::: Dataset content :::

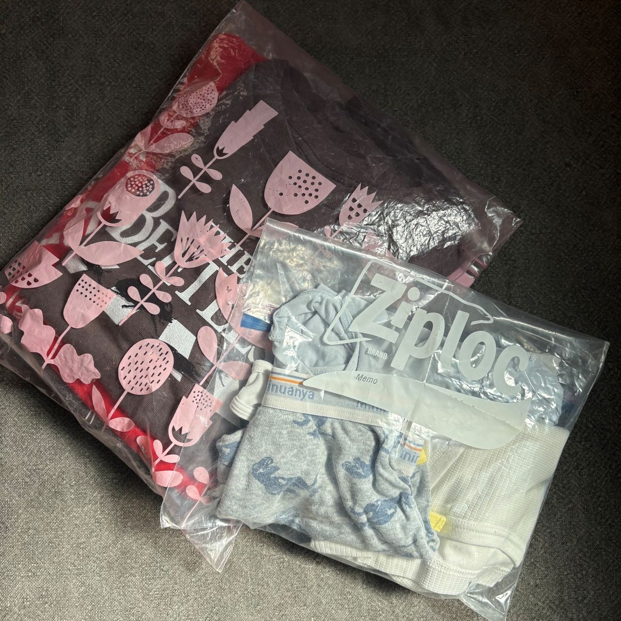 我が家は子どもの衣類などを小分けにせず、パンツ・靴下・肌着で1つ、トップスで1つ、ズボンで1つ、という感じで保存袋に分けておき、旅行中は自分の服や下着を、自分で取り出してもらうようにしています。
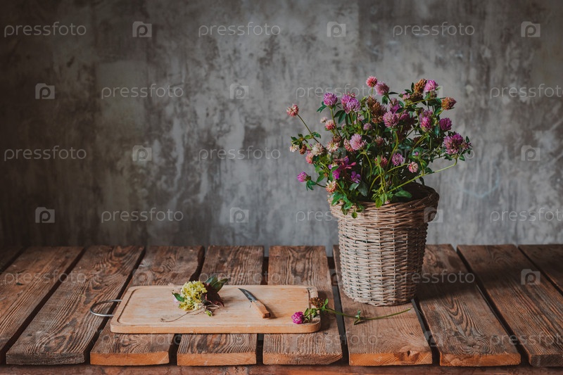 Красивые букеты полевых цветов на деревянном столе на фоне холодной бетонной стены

:::
::: Dataset content :::

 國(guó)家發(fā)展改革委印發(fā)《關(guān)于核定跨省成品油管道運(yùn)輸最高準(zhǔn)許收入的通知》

:::

**Action item**
Could you write out exactly the lines of the data above that run from the one holding "我が家は子どもの衣類などを小" to the one holding "Красивые букеты полевых", with both ends in and all pictures out?

**Exercise solution**
 我が家は子どもの衣類などを小分けにせず、パンツ・靴下・肌着で1つ、トップスで1つ、ズボンで1つ、という感じで保存袋に分けておき、旅行中は自分の服や下着を、自分で取り出してもらうようにしています。
 Красивые букеты полевых цветов на деревянном столе на фоне холодной бетонной стены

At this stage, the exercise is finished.